* Task prompt
Without any of its pictures, the listing below should be output exactly.

* Extracted entries

====================

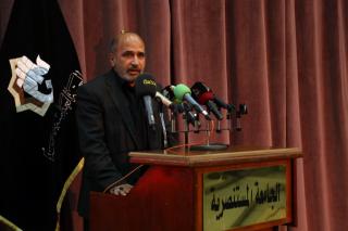در ادامه این مراسم، آقای مهندس بشیر محمد جاسم نائب رئیس هیات امنای حرم مطهر در سخنانی گفت:خداوند انبياء و رسل را هر کدام به مقتضای جامعه خویش به امری مامور و تکلیف فرمود و ائمه معصومین نیز هر کدام وظیفه و تکلیفی داشته اند و هر کدام خود مقدمه ساز امام بعد از خویش بوده اند. صحبت امروز ما در دانشگاه شما و در کنار اساتید گرانقدر و دانشجویان عزیز حول شخصیت امام زین العابدین علیه السلام است. این امام همام بعنوان فرزند امام حسین علیه السلام ادامه رو راهی است که پدر بزرگوارش در جامعه مرده آنزمان بنا نهادند. نقش امام سجاد علیه السلام شامل دو مرحله اساسی است. اول مرحله همزمانی آن حضرت با پدر بزرگوارشان امام حسین علیه السلام است آنزمان به اتفاق ایشان از مدینه به عراق مهاجرت نمودند و مرحله دوم ، همراهی ایشان با کاروان اهل بیت علیهم السلام و بیان حقایق اهل بیت و رسوا نمودن بنی امیه در طول مسیر از کربلا به کوفه و سپس شام می باشد. در این مرحله، امام سجاد علیه السلام رسالت و پیام نهضت پدر و مظلومیت ایشان را به آن جامعه جاهل و خفته رساندند.
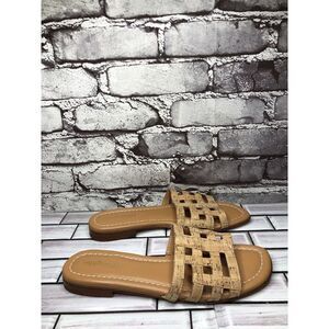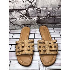 J. McLaughlin WILLA Tan Leather Cork Flat Slides Sandals Women Sz 7.5M US/37.5EU
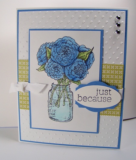 This week's Flourishes Timeless Tuesday's challenge was a color challenge, blue & green. I was reminded of my Grandma while I was making this. She used to say that it could be any color as long as it was blue! LOL!!!
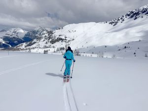 AT Skiing! A final note on backcountry, sidecountry, skiing and ski touring, which has become all the rage. Alpine touring skis have improved dramatically from old telemark skis, and three pin binding boot set ups. I got my first alpine touring skis, for the occasional side country jaunt into a powder field, or when we hire a mountain guide in The Alps to explore “off-piste”. This is a whole new world with bindings that adapt from alpine (downhill) fixed binding setting, to uphill climbing setting with removable skins. See my “Learn to AT Ski” blog for more on how liberating and exciting alpine touring is, with the right gear!
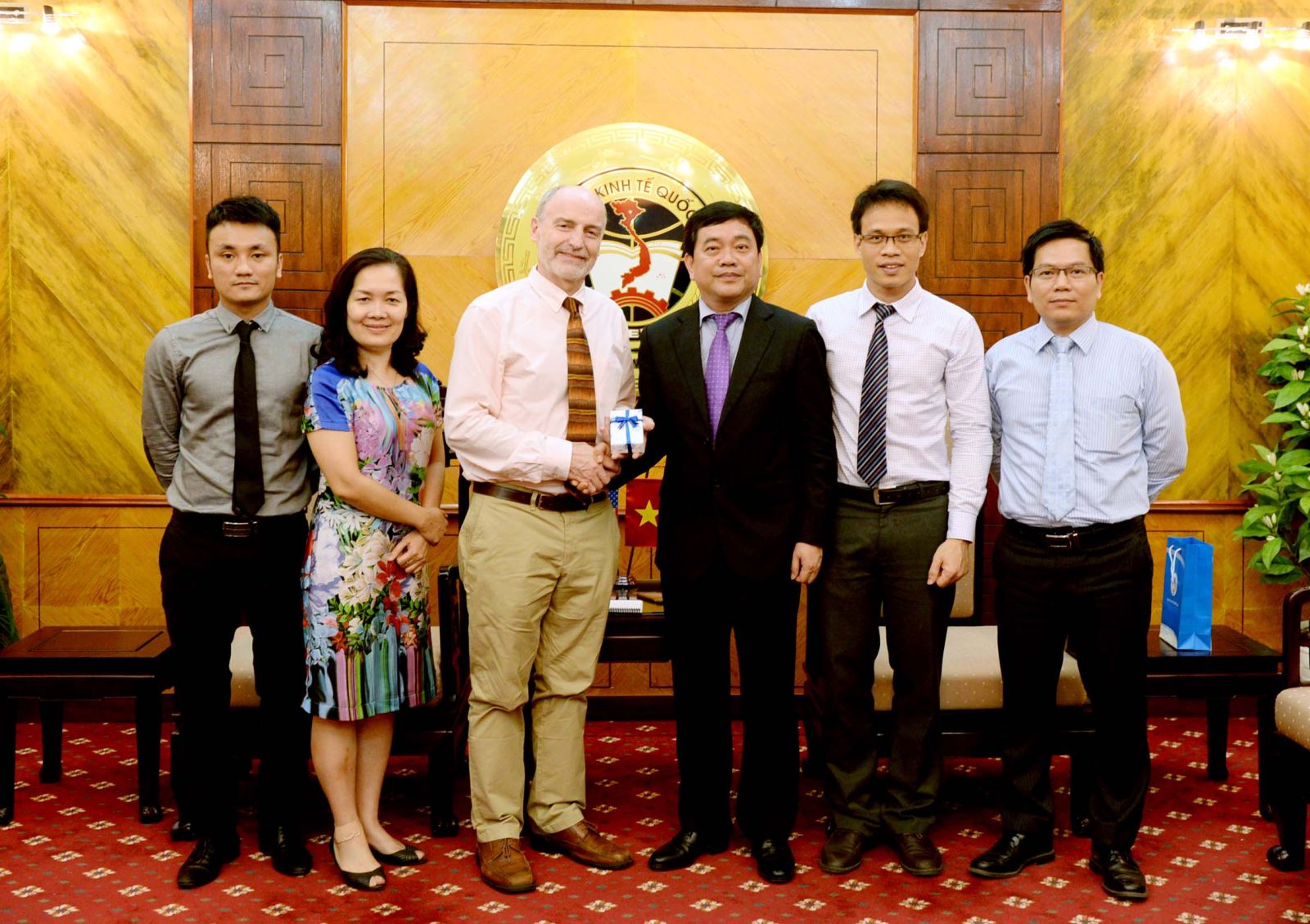 Chiều ngày 12/05, Trường ĐH Kinh tế Quốc dân đã có buổi tiếp và làm việc với PGS Patrick O'Leary – đại diện lãnh đạo trường St.Ambrose – Hoa Kỳ. Tham gia buổi làm việc, về phía ĐH Kinh tế Quốc dân có: GS.TS. Trần Thọ Đạt – Bí thư Đảng ủy, Hiệu trưởng; TS. Nguyễn Thành Hiếu – Trưởng Khoa Quản trị kinh doanh; TS. Đào Thành Tùng – Trưởng phòng Hợp tác Quốc tế; TS.Phan Thủy Chi – Phó Viện trưởng Viện Đào tạo quốc tế; TS. Hà Sơn Tùng – Trưởng BM QTDN Khoa Quản trị Kinh doanh.
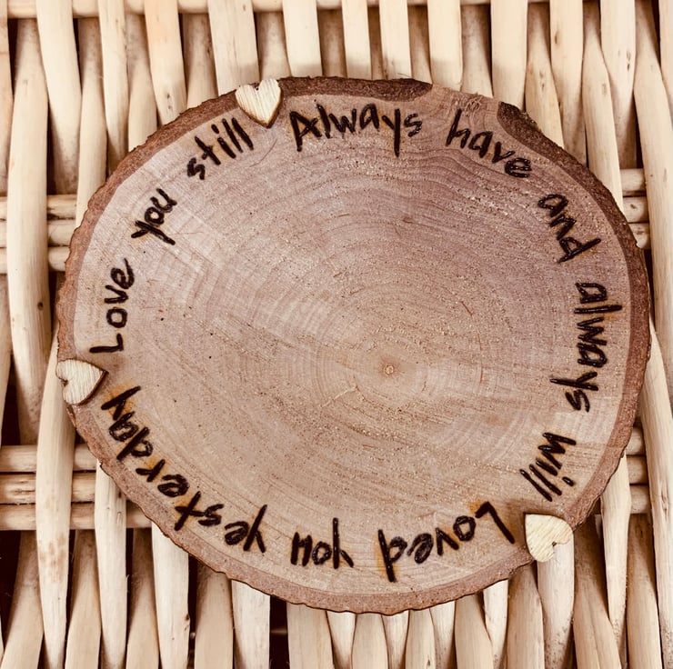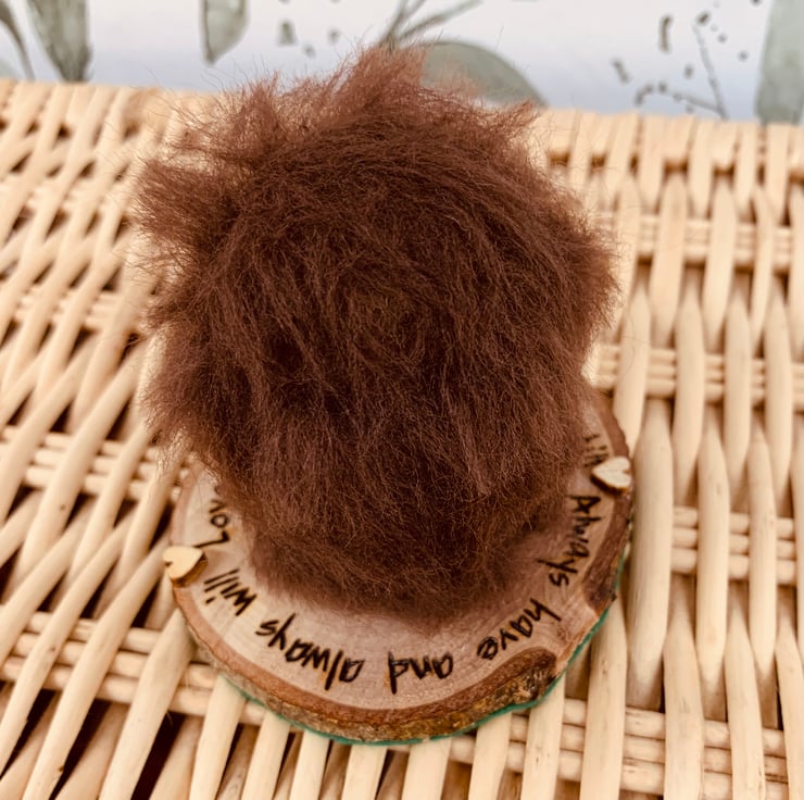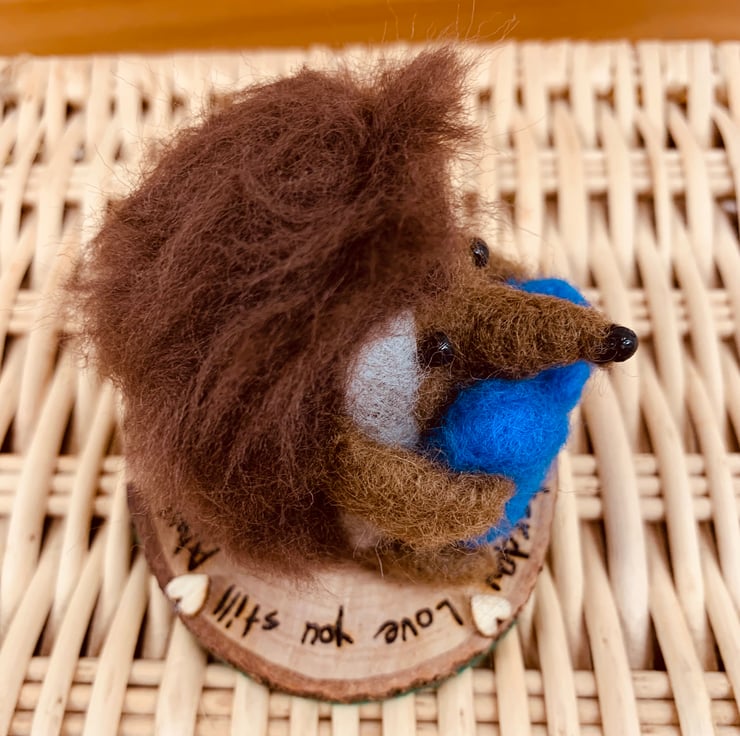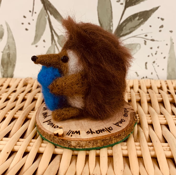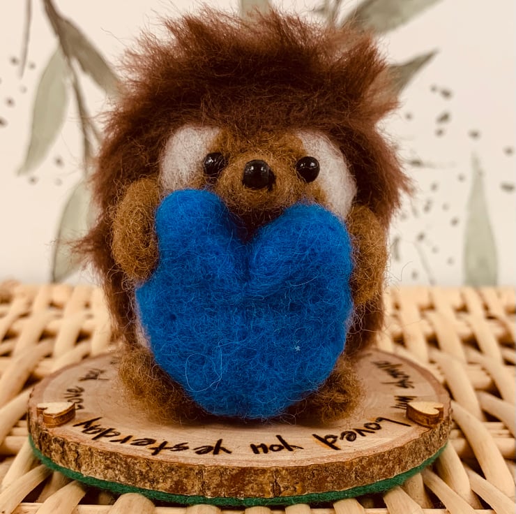 A needlefelted love struck hedgehog, clutching a blue heart to his chest, and mounted on a felt based wood slice with the words ‘loved you yesterday, love you still, always have and always will’ burned around the edge with hoggie in the centre. Beautiful gift for your Valentine, or at any time for the one you love. Not a toy, collectors item only

====================

* Solution to this exercise
در ادامه این مراسم، آقای مهندس بشیر محمد جاسم نائب رئیس هیات امنای حرم مطهر در سخنانی گفت:خداوند انبياء و رسل را هر کدام به مقتضای جامعه خویش به امری مامور و تکلیف فرمود و ائمه معصومین نیز هر کدام وظیفه و تکلیفی داشته اند و هر کدام خود مقدمه ساز امام بعد از خویش بوده اند. صحبت امروز ما در دانشگاه شما و در کنار اساتید گرانقدر و دانشجویان عزیز حول شخصیت امام زین العابدین علیه السلام است. این امام همام بعنوان فرزند امام حسین علیه السلام ادامه رو راهی است که پدر بزرگوارش در جامعه مرده آنزمان بنا نهادند. نقش امام سجاد علیه السلام شامل دو مرحله اساسی است. اول مرحله همزمانی آن حضرت با پدر بزرگوارشان امام حسین علیه السلام است آنزمان به اتفاق ایشان از مدینه به عراق مهاجرت نمودند و مرحله دوم ، همراهی ایشان با کاروان اهل بیت علیهم السلام و بیان حقایق اهل بیت و رسوا نمودن بنی امیه در طول مسیر از کربلا به کوفه و سپس شام می باشد. در این مرحله، امام سجاد علیه السلام رسالت و پیام نهضت پدر و مظلومیت ایشان را به آن جامعه جاهل و خفته رساندند.
 J. McLaughlin WILLA Tan Leather Cork Flat Slides Sandals Women Sz 7.5M US/37.5EU
 This week's Flourishes Timeless Tuesday's challenge was a color challenge, blue & green. I was reminded of my Grandma while I was making this. She used to say that it could be any color as long as it was blue! LOL!!!
 AT Skiing! A final note on backcountry, sidecountry, skiing and ski touring, which has become all the rage. Alpine touring skis have improved dramatically from old telemark skis, and three pin binding boot set ups. I got my first alpine touring skis, for the occasional side country jaunt into a powder field, or when we hire a mountain guide in The Alps to explore “off-piste”. This is a whole new world with bindings that adapt from alpine (downhill) fixed binding setting, to uphill climbing setting with removable skins. See my “Learn to AT Ski” blog for more on how liberating and exciting alpine touring is, with the right gear!
 Chiều ngày 12/05, Trường ĐH Kinh tế Quốc dân đã có buổi tiếp và làm việc với PGS Patrick O'Leary – đại diện lãnh đạo trường St.Ambrose – Hoa Kỳ. Tham gia buổi làm việc, về phía ĐH Kinh tế Quốc dân có: GS.TS. Trần Thọ Đạt – Bí thư Đảng ủy, Hiệu trưởng; TS. Nguyễn Thành Hiếu – Trưởng Khoa Quản trị kinh doanh; TS. Đào Thành Tùng – Trưởng phòng Hợp tác Quốc tế; TS.Phan Thủy Chi – Phó Viện trưởng Viện Đào tạo quốc tế; TS. Hà Sơn Tùng – Trưởng BM QTDN Khoa Quản trị Kinh doanh.
 A needlefelted love struck hedgehog, clutching a blue heart to his chest, and mounted on a felt based wood slice with the words ‘loved you yesterday, love you still, always have and always will’ burned around the edge with hoggie in the centre. Beautiful gift for your Valentine, or at any time for the one you love. Not a toy, collectors item only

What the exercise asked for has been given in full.